Appropriate controls must be in place even before any trading begins. This is a necessity when conducting any electronic-trading business. A ‘defense-in-depth’ strategy should be considered – a concept regularly used in the information security field, in which multiple layers of security controls are placed throughout the system at multiple points in the process. This means, companies using programmatic ad buying need to have controls that cover all aspects of the trading process – from order generation, order handling to order execution.
With the myriad number of companies entering the programmatic ad buying landscape, it may not be all that practical to ensure that every company has all the risk controls in place.
#2. Test the algorithms to death.
It is necessary to conduct as many simulations and non-live testing within a trading environment. Every test helps to ensure that algorithms pass the risk management controls. Once ready to be live, the algorithms must be rolled-out in a controlled, cautious fashion. It must be the responsibility of the company to self-impose risks and limits, compensation controls and limit the number of instruments where this algorithm will be deployed. Then keep testing, ideally keeping it up to date annually. It is important to ensure that this system, these controls can withstand any significant market volumes and any external events that could potentially exert stress. When we face a situation where its algorithms acting on other algorithms, all it takes is an error to create a domino effect.
#3. Get as many internal and external stakeholders involved.

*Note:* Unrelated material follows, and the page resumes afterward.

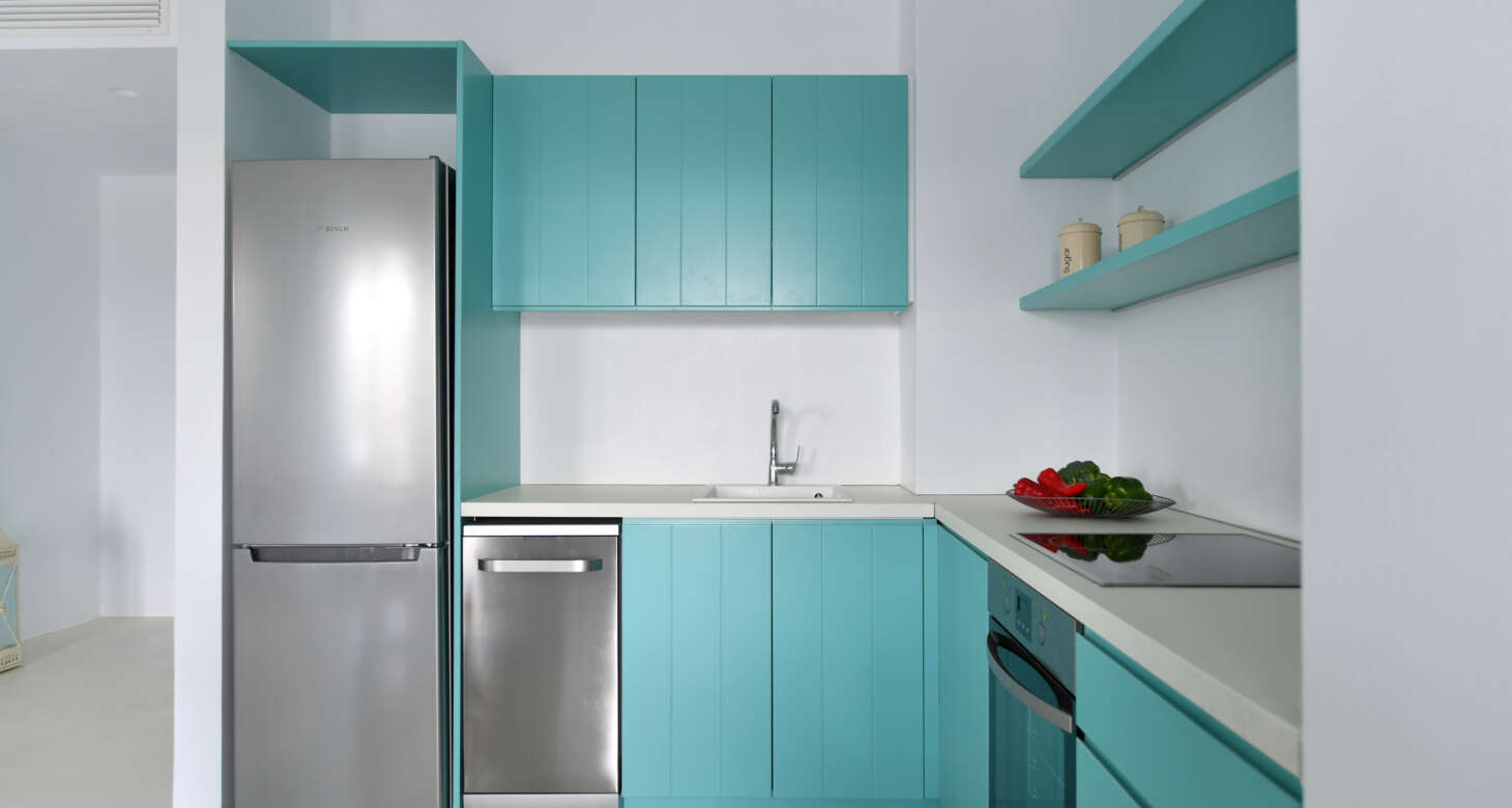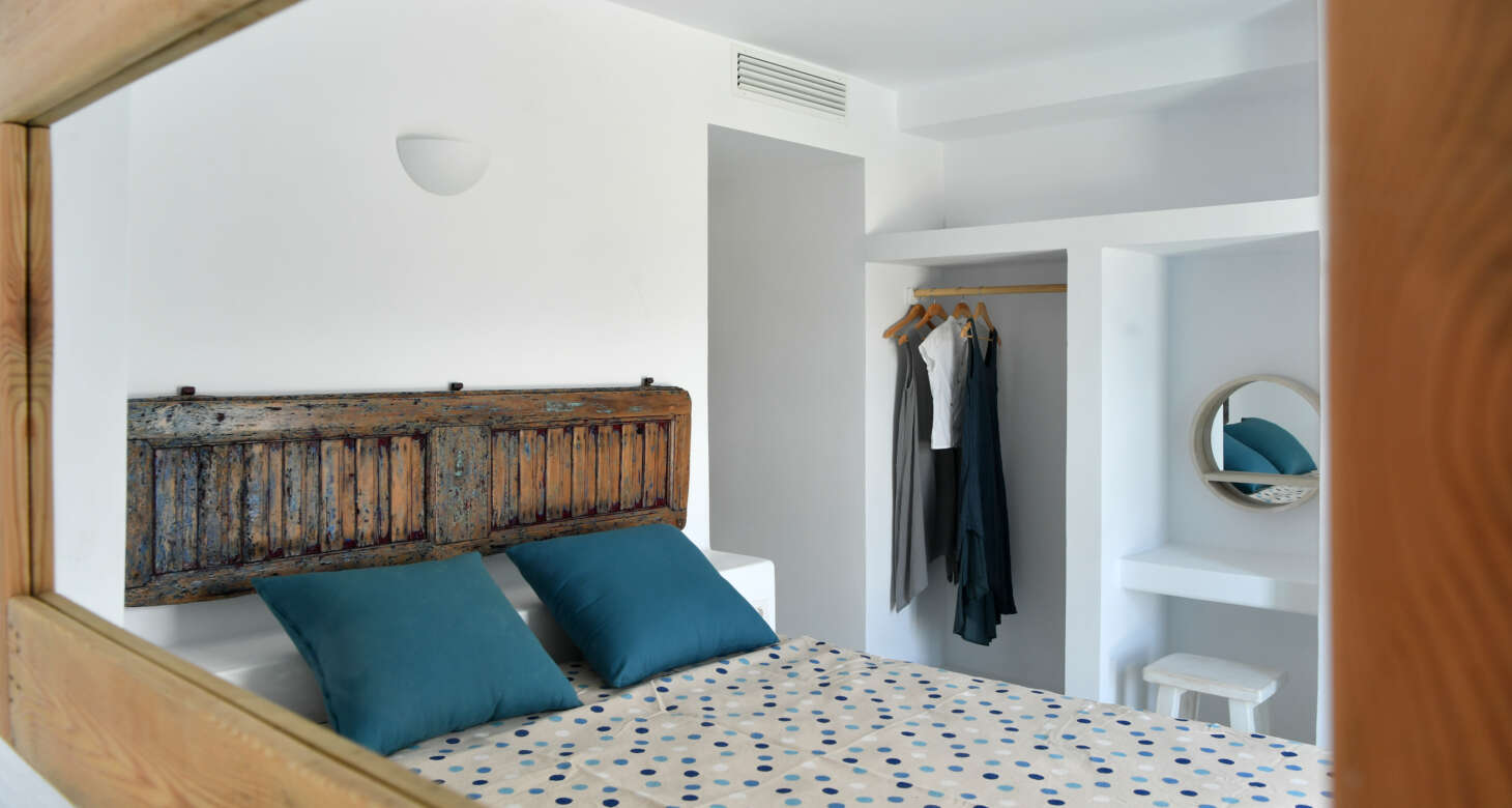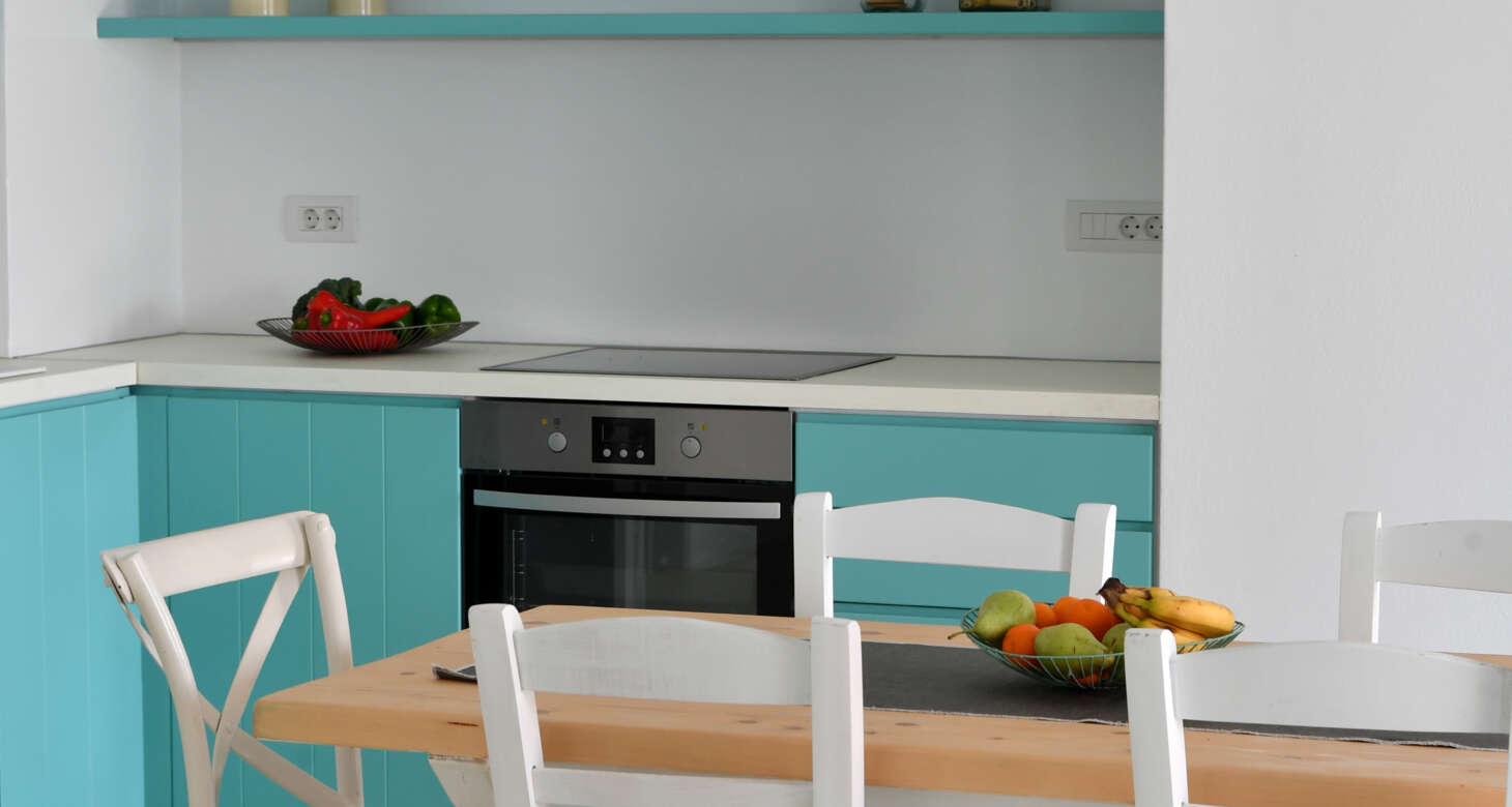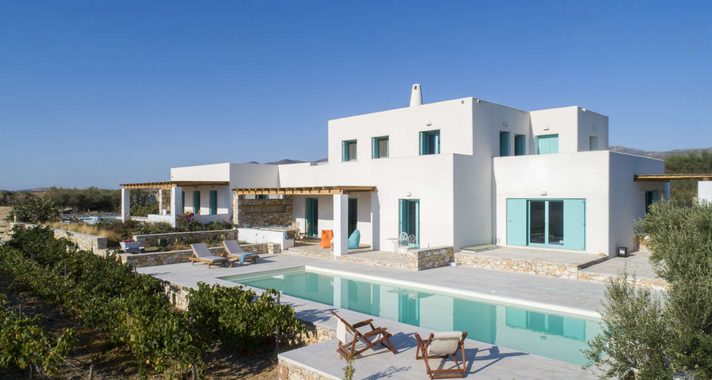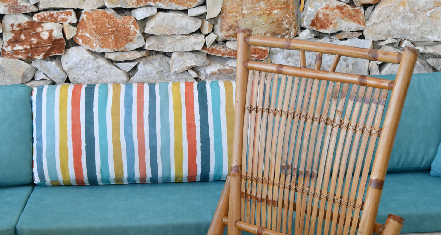 Welcome to Villa Natura II, a radiant burst of color and charm set against the backdrop of Tsoukalia’s serene landscape. This remarkable property is a vibrant symphony of mint hues, evoking a sense of playfulness and tranquility. From the fabrics to the stones, every detail has been meticulously crafted to infuse the space with the spirit of a traditional island home, while embracing a contemporary twist.

To guarantee any success, all stakeholders must have a voice at the table from the onset in determining the right balance between risk and controls. This effort should ensure transparency and credibility. Control functions and developers both need to understand the inherent risks to ensure that the proper controls are in place. The minute we have detached ourselves from the physical currency and move to a virtual state of money exchange, any human touch is lost. This is possibly the most dangerous aspect because it triggers for riskier investment decisions. Senior management and boards must too be aware of risks being taken at the desk level of trading. Therefore, everyone should know what they are getting themselves into.